#### [TASK TO CARRY OUT]
Repeat only the lines below from the one containing "This unaffordability of" through the one containing "Britain's Duchess of", inclusive, exactly as written.

Collected data:
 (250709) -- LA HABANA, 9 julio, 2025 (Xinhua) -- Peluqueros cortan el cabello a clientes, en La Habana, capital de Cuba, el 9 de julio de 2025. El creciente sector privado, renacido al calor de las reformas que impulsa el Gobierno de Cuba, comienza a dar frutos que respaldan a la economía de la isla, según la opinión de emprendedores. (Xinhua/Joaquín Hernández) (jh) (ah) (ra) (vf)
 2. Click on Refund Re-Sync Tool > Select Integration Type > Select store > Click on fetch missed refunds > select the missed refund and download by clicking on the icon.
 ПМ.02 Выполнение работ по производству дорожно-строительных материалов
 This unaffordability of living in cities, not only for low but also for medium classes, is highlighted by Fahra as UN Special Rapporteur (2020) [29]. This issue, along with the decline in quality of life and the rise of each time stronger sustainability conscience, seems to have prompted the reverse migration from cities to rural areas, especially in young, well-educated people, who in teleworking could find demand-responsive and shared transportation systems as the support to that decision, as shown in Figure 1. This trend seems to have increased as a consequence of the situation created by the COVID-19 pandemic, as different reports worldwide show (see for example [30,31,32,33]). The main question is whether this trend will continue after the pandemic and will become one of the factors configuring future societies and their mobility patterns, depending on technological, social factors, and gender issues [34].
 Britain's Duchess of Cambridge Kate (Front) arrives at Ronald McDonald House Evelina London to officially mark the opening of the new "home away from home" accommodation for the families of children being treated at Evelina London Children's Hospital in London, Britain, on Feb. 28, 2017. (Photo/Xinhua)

* * *

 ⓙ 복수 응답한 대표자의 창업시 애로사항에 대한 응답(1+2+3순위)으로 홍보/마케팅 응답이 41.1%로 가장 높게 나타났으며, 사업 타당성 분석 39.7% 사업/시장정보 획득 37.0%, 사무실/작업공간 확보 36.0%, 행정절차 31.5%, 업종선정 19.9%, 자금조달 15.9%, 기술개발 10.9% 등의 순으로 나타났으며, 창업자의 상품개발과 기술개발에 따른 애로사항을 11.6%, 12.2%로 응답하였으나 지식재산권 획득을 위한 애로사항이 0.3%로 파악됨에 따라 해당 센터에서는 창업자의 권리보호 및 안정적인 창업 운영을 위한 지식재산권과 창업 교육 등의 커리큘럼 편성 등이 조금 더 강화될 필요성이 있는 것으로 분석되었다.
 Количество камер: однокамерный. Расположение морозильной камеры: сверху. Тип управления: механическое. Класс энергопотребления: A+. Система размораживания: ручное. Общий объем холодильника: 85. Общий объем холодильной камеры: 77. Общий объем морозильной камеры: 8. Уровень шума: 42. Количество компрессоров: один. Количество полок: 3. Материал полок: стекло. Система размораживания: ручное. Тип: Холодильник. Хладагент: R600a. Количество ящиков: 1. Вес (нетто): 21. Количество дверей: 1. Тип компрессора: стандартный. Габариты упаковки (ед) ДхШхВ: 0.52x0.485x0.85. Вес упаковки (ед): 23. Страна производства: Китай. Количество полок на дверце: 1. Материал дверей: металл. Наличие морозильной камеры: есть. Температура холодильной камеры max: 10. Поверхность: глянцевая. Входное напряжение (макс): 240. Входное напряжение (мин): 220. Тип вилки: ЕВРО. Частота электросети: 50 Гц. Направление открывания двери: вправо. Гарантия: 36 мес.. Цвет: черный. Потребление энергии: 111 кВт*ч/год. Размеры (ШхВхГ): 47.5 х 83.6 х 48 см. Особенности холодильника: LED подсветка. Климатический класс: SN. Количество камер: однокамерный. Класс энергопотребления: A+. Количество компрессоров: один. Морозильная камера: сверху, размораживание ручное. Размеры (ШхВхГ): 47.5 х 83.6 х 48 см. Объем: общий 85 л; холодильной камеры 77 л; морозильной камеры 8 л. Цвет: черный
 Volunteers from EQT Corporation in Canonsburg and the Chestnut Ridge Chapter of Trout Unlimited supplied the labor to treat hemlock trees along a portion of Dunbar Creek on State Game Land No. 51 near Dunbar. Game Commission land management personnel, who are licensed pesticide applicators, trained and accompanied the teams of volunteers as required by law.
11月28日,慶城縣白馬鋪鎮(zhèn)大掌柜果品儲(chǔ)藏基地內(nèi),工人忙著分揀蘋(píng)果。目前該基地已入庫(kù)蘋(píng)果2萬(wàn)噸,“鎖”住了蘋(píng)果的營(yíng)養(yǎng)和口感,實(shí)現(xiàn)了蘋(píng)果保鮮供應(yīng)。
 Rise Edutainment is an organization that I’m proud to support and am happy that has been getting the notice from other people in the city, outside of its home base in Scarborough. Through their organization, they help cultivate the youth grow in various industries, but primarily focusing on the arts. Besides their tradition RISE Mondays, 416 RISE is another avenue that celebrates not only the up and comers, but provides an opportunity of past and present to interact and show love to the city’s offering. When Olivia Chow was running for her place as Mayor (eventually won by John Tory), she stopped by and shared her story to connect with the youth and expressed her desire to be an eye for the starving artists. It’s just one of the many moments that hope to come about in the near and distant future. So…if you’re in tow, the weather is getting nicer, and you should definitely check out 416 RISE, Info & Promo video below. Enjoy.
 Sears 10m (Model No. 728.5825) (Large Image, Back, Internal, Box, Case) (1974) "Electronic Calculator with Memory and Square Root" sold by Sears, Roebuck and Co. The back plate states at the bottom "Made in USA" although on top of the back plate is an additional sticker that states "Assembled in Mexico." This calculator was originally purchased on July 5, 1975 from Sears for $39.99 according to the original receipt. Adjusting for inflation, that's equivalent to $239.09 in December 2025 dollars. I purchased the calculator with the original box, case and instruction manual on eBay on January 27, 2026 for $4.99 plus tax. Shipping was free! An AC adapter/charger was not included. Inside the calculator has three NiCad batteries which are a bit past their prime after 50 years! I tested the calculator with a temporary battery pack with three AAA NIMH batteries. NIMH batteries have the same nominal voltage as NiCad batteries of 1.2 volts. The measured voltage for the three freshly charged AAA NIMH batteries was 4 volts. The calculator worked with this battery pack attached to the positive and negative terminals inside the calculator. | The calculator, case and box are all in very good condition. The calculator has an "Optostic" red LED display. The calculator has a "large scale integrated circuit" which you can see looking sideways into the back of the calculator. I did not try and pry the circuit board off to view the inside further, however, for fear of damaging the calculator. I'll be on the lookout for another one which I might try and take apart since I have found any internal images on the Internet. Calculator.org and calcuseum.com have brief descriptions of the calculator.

#### [YOUR SOLUTION]
 This unaffordability of living in cities, not only for low but also for medium classes, is highlighted by Fahra as UN Special Rapporteur (2020) [29]. This issue, along with the decline in quality of life and the rise of each time stronger sustainability conscience, seems to have prompted the reverse migration from cities to rural areas, especially in young, well-educated people, who in teleworking could find demand-responsive and shared transportation systems as the support to that decision, as shown in Figure 1. This trend seems to have increased as a consequence of the situation created by the COVID-19 pandemic, as different reports worldwide show (see for example [30,31,32,33]). The main question is whether this trend will continue after the pandemic and will become one of the factors configuring future societies and their mobility patterns, depending on technological, social factors, and gender issues [34].
 Britain's Duchess of Cambridge Kate (Front) arrives at Ronald McDonald House Evelina London to officially mark the opening of the new "home away from home" accommodation for the families of children being treated at Evelina London Children's Hospital in London, Britain, on Feb. 28, 2017. (Photo/Xinhua)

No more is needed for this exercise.